◆ Task:
In this exercise, copy exactly the lines from the one that contains "前三季度多晶硅产量约为17万吨,同比增长17%;" through the end of the entries below; pictures are not copied.

*** Block opens ***

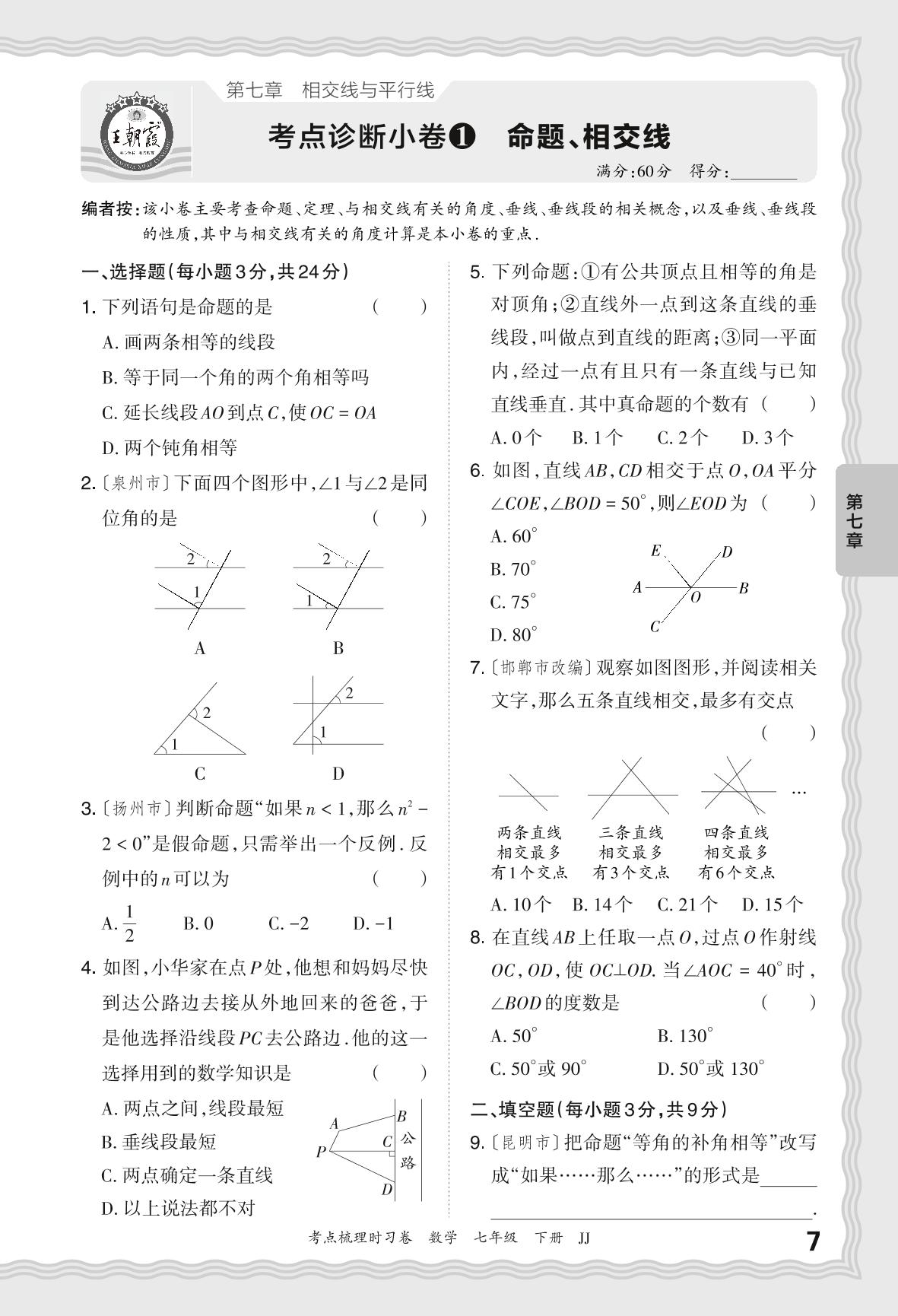 2024春下册七年级数学冀教版 第七章 考点诊断小卷 命题、相交线【1】
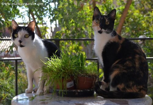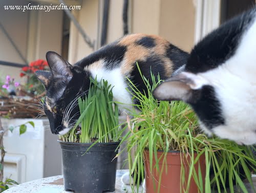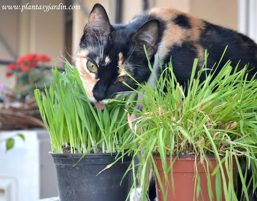 Una eficaz forma de evitar que nuestras mascotas coman de estas plantas que son tóxicas para ellos, es tenerles siempre a mano, la hierba para gatos, el kitty grass. En casa tenemos 2 hermosos gatitos, los modelos de las fotos, y mi experiencia es que mientras tengamos disponible estas atractivas hierbas, no irán a morder nuestras plantas ornamentales. Que bien llamadas están plantas ornamentales, no comestibles. Cada vez que abro la puerta corrediza del balcón, mis gatit@s lo primero que hacen es ir directamente a por las hierbas gatunas.
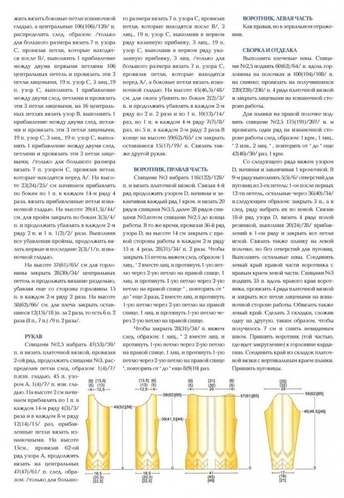 Узор A: схема A. Для маленького размера — средние 41 п. для рукавов всех размеров. Раппорт повторяется 2 раза, закончить петлями после второй * /для больших размеров добавить петли по краям по схеме/.
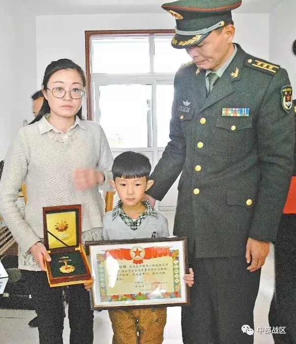 资料图:2017年1月10日,该旅政治部主任鲁成军代表部队向杨树朋烈士的家人颁发一等功奖章。孙菲菲 摄
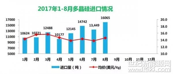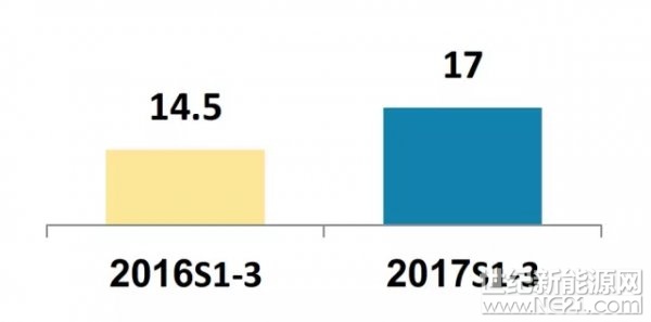 前三季度多晶硅产量约为17万吨,同比增长17%;
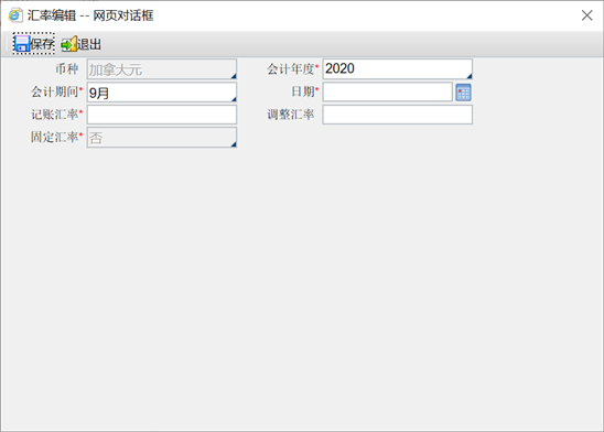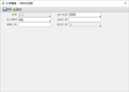 【第三步】修改汇率,并通过〖保存〗按钮进行保存。此处只能修改汇率“会计年度、会计期间、记账汇率、调整汇率”信息。
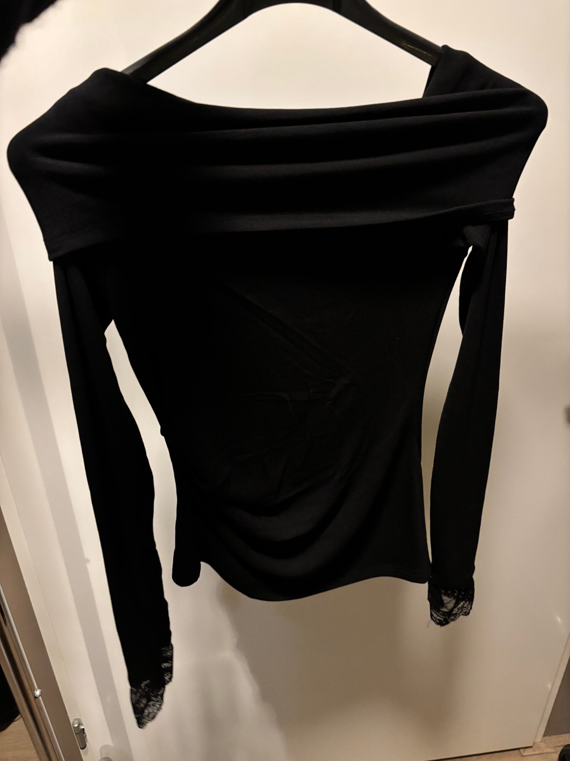 Mooie, stretchy offshoulder top met een kanten mouwtje. De onderkant van de top is asymmetrisch. Te dragen t/m maat 38/40.

*** Block closes ***

◆ Exercise response:
 前三季度多晶硅产量约为17万吨,同比增长17%;
 【第三步】修改汇率,并通过〖保存〗按钮进行保存。此处只能修改汇率“会计年度、会计期间、记账汇率、调整汇率”信息。
 Mooie, stretchy offshoulder top met een kanten mouwtje. De onderkant van de top is asymmetrisch. Te dragen t/m maat 38/40.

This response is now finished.